[[ Records to process open ]]

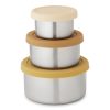 Fint sett med 3 bokser i rustfritt stål med lokk i silikon. Perfekt for frukt, snacks, lunch, leftovers fra gårsdagens middag for å nevne noen! De små boksene passer i de større boksene.
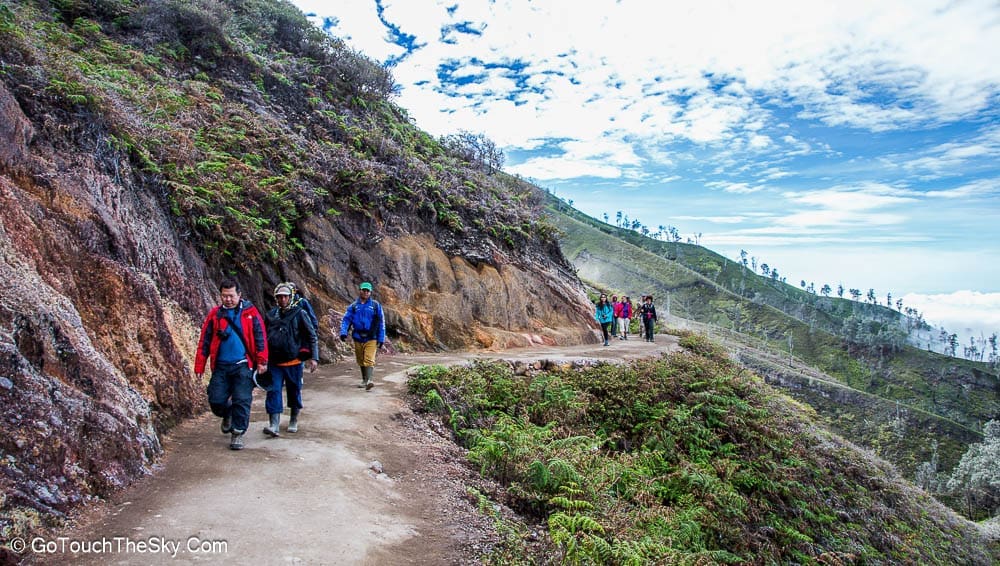 การลงไปยังเหมืองกำมะถัน จะต้องเดินลงจากปากปล่องอีกเป็นระยะทางประมาณ 700 เมตร (ทางเเยกด้านขวามือ)
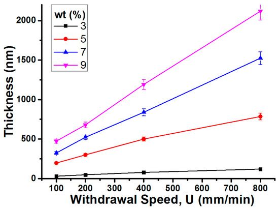 According to the Landau-Levich derivation [29], the thickness of dip-coated layers is mainly determined by solution viscosity and withdrawal speed. To control the gel layer thickness by dip-coating, the gel solution was prepared at the fixed 0.25:1 weight ratio between the IL and CP, while overall solution concentrations (i.e., both IL and CP) with respect to an acetone solvent and withdrawal speeds were varied. Figure 7 presents the measured thicknesses of the dip-coated layers. Gel solutions with higher concentrations of the IL and the CP (e.g., 9%) in an acetone solvent are more viscous, consequently forming thicker layers. Likewise, dip coating at faster withdrawal speeds gives the wet film layer less time to develop, thus depositing thicker layers. It is worth noting that, for the given mixture ratio at 0.25:1, the solution viscosity was significantly high even at 9% and close to solute saturation. For the solutions at concentrations higher than 9%, the dip-coated samples showed immediate gelation and highly uneven surfaces and hence poor EWOD performance with electrolysis. This indicates that there is a limit to the thickness of functional ion gel layers to be produced by the dip-coating method. By adjusting the acetone concentrations and withdrawal speeds, we were able to vary the thicknesses of the dip-coated gel layer from 40 nm to 2.21 µm, which are a few orders thinner than the ones fabricated by the previous spin-coating method [4,14,15,34].
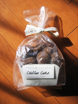 「DEAN&DELUCA」があったので、入りました。 パンとか、ケーキとか、ジャムとか、目移りしちゃいましたが、 シフォンケーキがおいしそうだったのでGET! バレンタインも近いし、チョコレートシフォンにしました。 ふっかふかの食感で、柔らかくて、一口サイズ。 甘さもちょうどよくて、お子様でも安心して食べられるんじゃないかな。 おいしかったです!
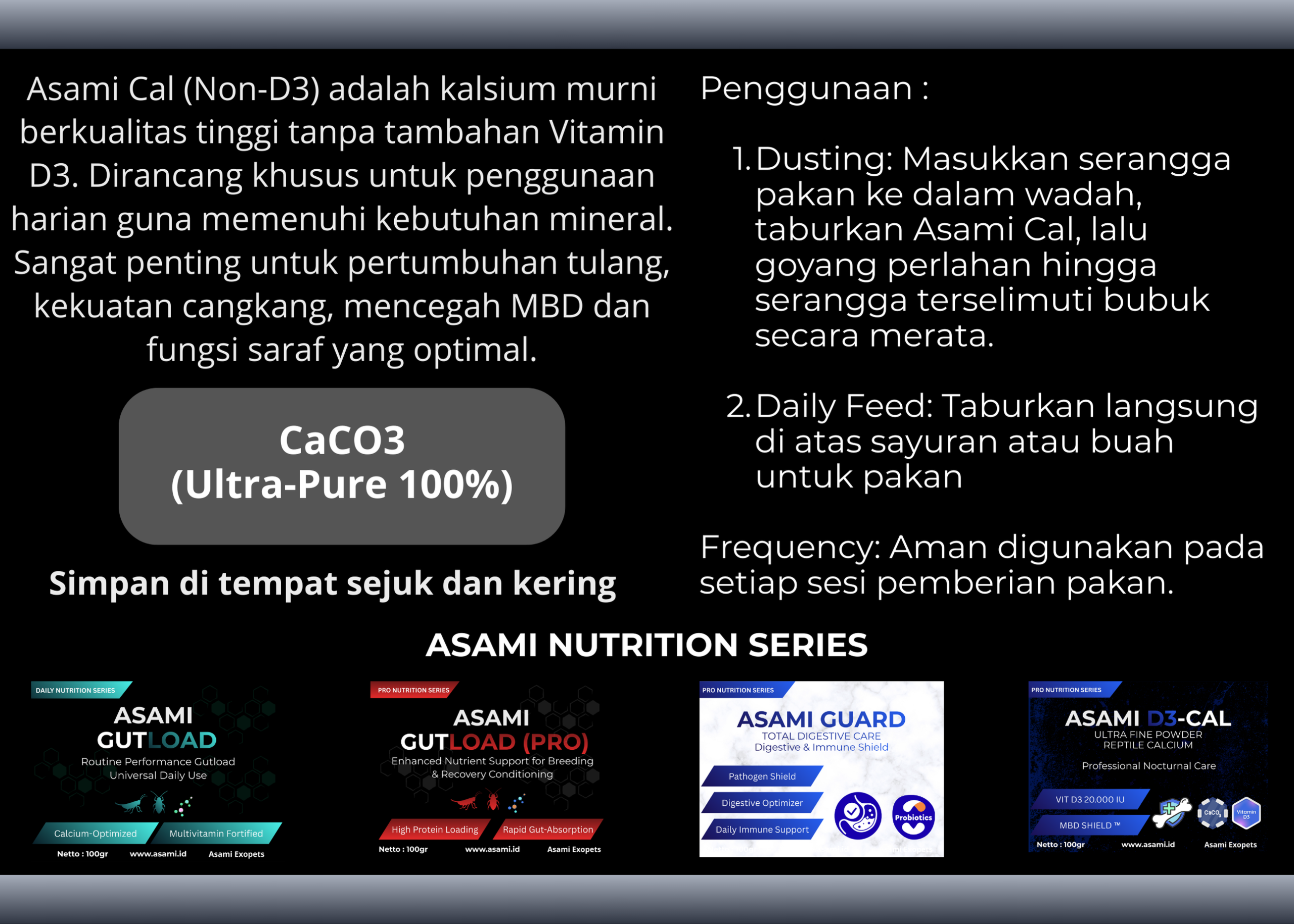 Khawatir dengan ancaman MBD (Metabolic Bone Disease)? Banyak kalsium di pasaran memiliki dosis yang tidak jelas. Asami Cal hadir dengan formulasi presisi yang dirancang oleh penghobi untuk penghobi. Kami memastikan reptil Anda mendapatkan tulang yang kuat dan saraf yang sehat tanpa risiko overdosis.

[[ Records to process closed ]]

Each record should be copied exactly, and each image left out.

Expected answer.
 Fint sett med 3 bokser i rustfritt stål med lokk i silikon. Perfekt for frukt, snacks, lunch, leftovers fra gårsdagens middag for å nevne noen! De små boksene passer i de større boksene.
 การลงไปยังเหมืองกำมะถัน จะต้องเดินลงจากปากปล่องอีกเป็นระยะทางประมาณ 700 เมตร (ทางเเยกด้านขวามือ)
 According to the Landau-Levich derivation [29], the thickness of dip-coated layers is mainly determined by solution viscosity and withdrawal speed. To control the gel layer thickness by dip-coating, the gel solution was prepared at the fixed 0.25:1 weight ratio between the IL and CP, while overall solution concentrations (i.e., both IL and CP) with respect to an acetone solvent and withdrawal speeds were varied. Figure 7 presents the measured thicknesses of the dip-coated layers. Gel solutions with higher concentrations of the IL and the CP (e.g., 9%) in an acetone solvent are more viscous, consequently forming thicker layers. Likewise, dip coating at faster withdrawal speeds gives the wet film layer less time to develop, thus depositing thicker layers. It is worth noting that, for the given mixture ratio at 0.25:1, the solution viscosity was significantly high even at 9% and close to solute saturation. For the solutions at concentrations higher than 9%, the dip-coated samples showed immediate gelation and highly uneven surfaces and hence poor EWOD performance with electrolysis. This indicates that there is a limit to the thickness of functional ion gel layers to be produced by the dip-coating method. By adjusting the acetone concentrations and withdrawal speeds, we were able to vary the thicknesses of the dip-coated gel layer from 40 nm to 2.21 µm, which are a few orders thinner than the ones fabricated by the previous spin-coating method [4,14,15,34].
 「DEAN&DELUCA」があったので、入りました。 パンとか、ケーキとか、ジャムとか、目移りしちゃいましたが、 シフォンケーキがおいしそうだったのでGET! バレンタインも近いし、チョコレートシフォンにしました。 ふっかふかの食感で、柔らかくて、一口サイズ。 甘さもちょうどよくて、お子様でも安心して食べられるんじゃないかな。 おいしかったです!
 Khawatir dengan ancaman MBD (Metabolic Bone Disease)? Banyak kalsium di pasaran memiliki dosis yang tidak jelas. Asami Cal hadir dengan formulasi presisi yang dirancang oleh penghobi untuk penghobi. Kami memastikan reptil Anda mendapatkan tulang yang kuat dan saraf yang sehat tanpa risiko overdosis.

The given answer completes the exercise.